林燕最看上韓長河的,是他的一絲不苟和直言不諱。
第一次和韓長河打交道,還是林燕實習期滿,成爲一個助理工程師,有資格給生產線下技術文件時,她當時有個零件的加工時間(工時)估計出了偏差。工人加工一個零件,到底用了多少時間,車間該給他多少報酬,全憑技術人員在工藝文件上規定,林燕經驗不足,再加上腦子裡沒有經濟概念,一門心思都用在零件加工流程的設計上了,對這個車間領導和工人最敏感的問題,沒引起足夠的重視。
韓長河是車間技術組的組長,他看了林燕的工藝文件,當時就沉下了臉,毫不留情地把林燕批了一頓。林燕當時雖然說結婚了,但年齡纔多大?怎麼能受得了這樣疾風暴雨的批評?她拼命忍耐,眼淚還是流得一臉都是。韓長河或許意識到自己太過了,站那裡愣了一下,嘴一撇走了,似乎,覺得林燕做錯了就不應該哭。林燕那時候年輕啊,多少還是有點任性的,在以後的時間裡。非公事不和韓長河說話。
幾年以後,老林想要擴大果樹園面積,問林燕要了兩千塊錢買樹苗。林燕當時只有五百塊的工資,爲了老爹。她借了好幾個人,在接下的半年內,她得節衣縮食地還債。可事情才過了三個月。老林又來了,夏收得花錢,秋播還得買化肥和種子,他一張口又是五百,林燕哪裡來這麼多?舊債未還,誰肯借她呢?
記得林燕淚水連連地求告老爹:“你自己想想辦法吧,我實在沒錢了。還欠人一千塊呢,讓我再找誰借呀。”
老林板着黑臉,怒氣衝衝地訓斥道:“養你這麼大,還供你讀了大學,爲爹做這麼點事兒。你竟然推三阻四,你在城裡,能說沒有錢?自己吃香的喝辣的,讓一家老小和西北風嗎?”
“爹,要不,你找找大弟,他廠比我這邊效益好,結婚這幾年,也沒給家添過一分錢。他的經濟狀況比我好多了……”
“你大弟,大弟,你就見不得佳豪日子好過點——”
“既然你兒子比這邊日子好過,你爲何還要問女兒要錢?女兒就不是人了嗎?”韓長河不知什麼時候走了過來,他喜歡下棋,有時吃過晚飯。會溜達到廠家屬區裡找人玩兒,大概是經過這裡。

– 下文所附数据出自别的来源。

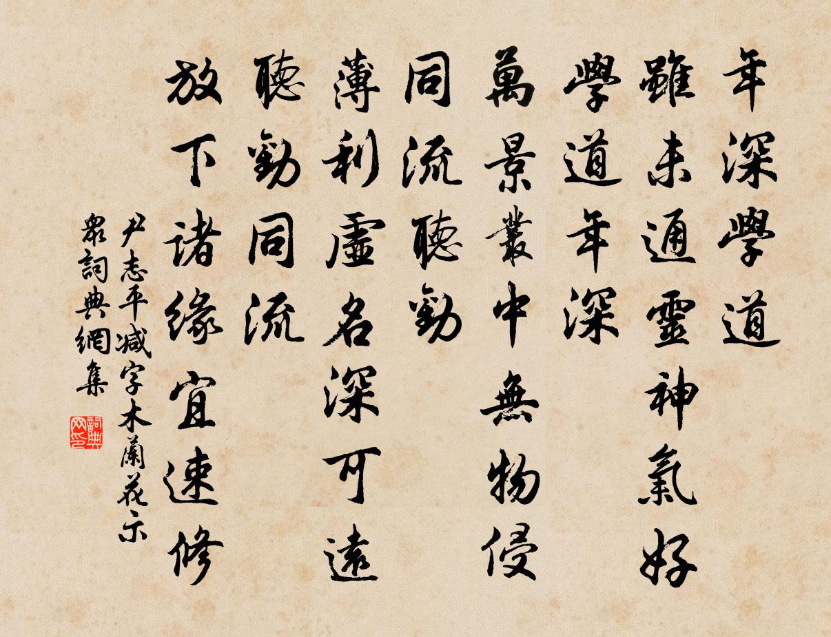 詩詞名句歷史字典書法欣賞書法字典國語詞典說文解字康熙字典古漢語字典標 題 作 者 詩 句 減字木蘭花 示眾作者:尹志平 朝代:元代減字木蘭花 示眾原文年深學道。雖未通靈神氣好。學道年深。萬景叢中無物侵。同流聽勸。薄利虛名深可遠。聽勸同流。放下諸緣宜速修。詩詞問答問:減字木蘭花 示眾的作者是誰?答:尹志平問:減字木蘭花 示眾寫於哪個朝代?答:元代問:減字木蘭花 示眾是什麼體裁?答:詞尹志平減字木蘭花 示眾書法欣賞減字木蘭花 示眾書法作品詩詞推薦跋張明府獨樂園圖二首方回〔宋代〕熙寧相住半山寺,元佑人宗獨樂園。早起庵中釣魚手,未應宣靖失中原。漁父史衛卿〔宋代〕白頭長是醉,湖海不知年。活業惟耕網,全家祇住船。荷花同鷺宿,楊柳得魚穿。一笛吹明月,朱門謾管弦。書安象祖靜軒有感徐元傑〔宋代〕太極即人極,坤爻德不孤。直方真主宰,敬靜實功夫。老檜霜中乾,寒梅雪裡株。常惺惺法處,收斂物俱無。偈頌五十一首釋大觀〔宋代〕見見之時,雨洗淡紅桃萼嫩。見非是見,風搖淺碧柳絲輕。見猶離見,白雲影里怪石露。見莫能及,流水光中古木滿庭芳馬鈺〔元代〕家緣猛棄,更不疑惑。辨認陰魂陽魄。咄出屍蟲,屏盡氣財酒色。好事先人後己,做憨憨、有似彌勒。修大道,處擣衣曲熊禾〔宋代〕北望肉悠悠音信肉少,空房肉念遠心常肉早。流螢煜煜夜稍清,寒雁嗈嗈寒已到。細絲清水練方新,在椸半濕日中論詩三十首·其五元好問〔金代〕縱橫詩筆見高情,何物能澆塊壘平。老阮不狂誰會得,出門一笑大江橫。皇太妃合春帖子五首蘇頌〔宋代〕聖皇欽翼孝心存,宮合深沉母道尊。初慶新陽生嶰律,又聞清蹕過堯門。歲晚王邁〔宋代〕月映林塘澹,風含笑語語涼。俯窺憐綠淨,小立佇幽香。攜幼尋新菂,扶衰坐野航。延緣久未已,歲晚惜流光。紹興以後祀感生帝十六首佚名〔宋代〕[圜鍾為宮]炎精之神,飛{左車右井}碧落。駕以浮雲,丹書赤雀。禮人豆籩,樂諧簫勺。神具醉止,佑我景鑠清心鏡 戒掉粉洗面馬鈺〔元代〕出家兒,貪美膳。不顧拋撒,掉粉洗面。吃素簽、包子假黿,甚道家體面。美口腹,非長便。粗茶淡飯,且填坑塹頌古四十五首釋如珙〔宋代〕托缽回身去,鐘鼓未鳴時。不會末後句,只有心奯知。婁忠簡公輓詞樓鑰〔宋代〕寮寀侍儲闈,如公久任稀。載欣商皓起,終惜漢疏歸。問字煩參訂,談經賴發揮。一書真總要,星日重光輝。贈雲山逸人劉巨川瞽而談命家鉉翁〔宋代〕世人具眼知多少,見山不如雲山好。斯人背境自觀心,識破雲山千萬層。須知萬物備於我,高下散殊何往而非道。設醮洞霄因以古詩記其事章承道〔宋代〕鶴鳴在野聲聞天,靈壇夜醮朝群仙。群仙乘風駕雲軿,一一來自虛皇前。玉鑪不散香凝煙,火中金縷光相連。仙官謝永新大夫楊叔袼惠詩楊萬里〔宋代〕今代吾家後子云,新詩也解乞陳人。銀河波浪痕痕玉,花縣風光字字春。大勝十年燈火讀,更無半點簿書塵。鶚章東帥張傳之遣人來相致將以七言次韻答之三首李壁〔宋代〕質非高古謝罍樽,漫向陳編挹聖言。久判餘生甘掃墓,尚懷先友欲登門。功名自昔歸羊傅,丘壑從來著謝鯤。何日金陵道陸龜蒙〔唐代〕北雁行行直,東流澹澹春。當時六朝客,還道帝鄉人。夏晚江行真山民〔宋代〕行盡山頭路,江空帶夕暉。風蟬聲不定,水鳥影同飛。蕭散烏藤杖,輕鬖白榮衣。試呼垂釣者,分我半苔磯。如夢令蔡伸〔宋代〕今夜行云何處。還是月華當午。倚遍曲闌橋,望斷錦屏歸路。空去。空去。夢到綠窗朱戶。名句推薦黯與山僧別,低頭禮白雲。李白《秋浦歌十七首》 富貴本無根,盡從勤里得。馮夢龍《醒世恆言·卷三十五》 君不見管鮑貧時交,此道今人棄如土。杜甫《貧交行》 今日獨來香徑里,更無人跡有苔錢。韓偓《寒食日重遊李氏園亭有懷》 紛紛暮雪下轅門,風掣紅旗凍不翻。岑參《白雪歌送武判官歸京》 夭夭園桃,無子空長。曹丕《煌煌京洛行》 編草結庵,不違涼暑。蕭子顯《南齊書·列傳·卷四十》 竹塢無塵水檻清,相思迢遞隔重城。李商隱《宿駱氏亭寄懷崔雍崔袞》 八月寒葦花,秋江浪頭白。李頎《送劉昱》 以身教者從,以言教者訟。范曄《後漢書·列傳·第五鍾離宋寒列傳》

老林不知道韓長河是做什麼的,反正被他一身冷氣給嚇住了,張着嘴一時說不出話來。
“你看到了沒有?你這女兒都可憐成啥了,喔,一身衣服穿了好幾年,你看看,城裡哪個年輕女人過成這個樣子??我女兒是農村的,都比你的女兒穿得好,吃得好,我還奇怪了,林燕工作兢兢業業,他男人不賭博不大吃大喝,兩口子勤儉節約的,錢都哪裡去了?原來都填了你這沒底的洞!她一個月才五百塊,你一張嘴,就全要走了,你讓她這個月吃什麼喝什麼?前不久車間人還傳你問娃要了兩千塊,我當那是別人說你家壞話的,看來是真的了,有你這樣的爹嗎?你乾脆把娃殺了算了……!”
林燕到最後都不知道韓長河還說了些什麼,沒人爲她撐腰,她只能一直這麼忍着,現在一個不相干的人,竟然肯仗義執言,她的委屈一下子涌了上來,哭得一塌糊塗,連老爹怎麼走的,都不知道。
從那以後,林燕對韓長河特別尊重,也跟着他,練出了過硬的工作能力,她後來的設計的工藝流程,經常得到車間領導的表揚。韓長河在廠裡倒閉的那一年退休了,他家不在Y城,林燕就再也沒見過,不知道這個外冷內熱的老頭兒,現在到底怎樣了。
見老婆陷入沉思,黃偉良也不說話了,汽車很快就要進Y城了,路燈剛好點亮,林燕被燈光一晃,驚醒過來:“偉良,我們就在這附近吃點飯,然後到拐到城關鎮韓村去,我想看望一位師傅,順便看看他是不是肯出來工作。
林燕的記憶裡,韓長河雖然家在農村,但經濟條件還不錯,韓師傅曾經花了八百多塊,爲女兒買了一件最時興的狐狸皮領子純白色的波斯登羽絨服,當時車間的女同事,沒有不眼紅羨慕的,八百多塊,比他們一個月的工資都多。
“好!”黃偉良把車速放慢,停在路邊,用衛星定位系統確定了韓村的位置,這才緩緩啓動了車子,他現在經常走這裡,地形還算熟悉,大概七八分鐘,汽車停在一箇中等飯店前面。
“吃餃子行不?”餃子店沿街全是大玻璃窗戶,裡面看着乾淨整齊,很多顧客在裡面大快朵頤,讓人一看便垂涎三尺,林燕禁不住饞蟲作祟,下車往飯店裡走去。
“前面還有個醫藥超市,我們一會兒買點營養品送你師傅吧。”等候餃子的空擋,黃偉良問林燕道。
這份體貼太讓林燕感動了,她點點頭,輕輕抓了抓丈夫的手錶示感謝,黃偉良反握了林燕的手一下,雖然他隨即便鬆開了,林燕知道這是不習慣人多廣衆時公開示愛,但那暖暖的感覺,讓她心裡十分甜蜜。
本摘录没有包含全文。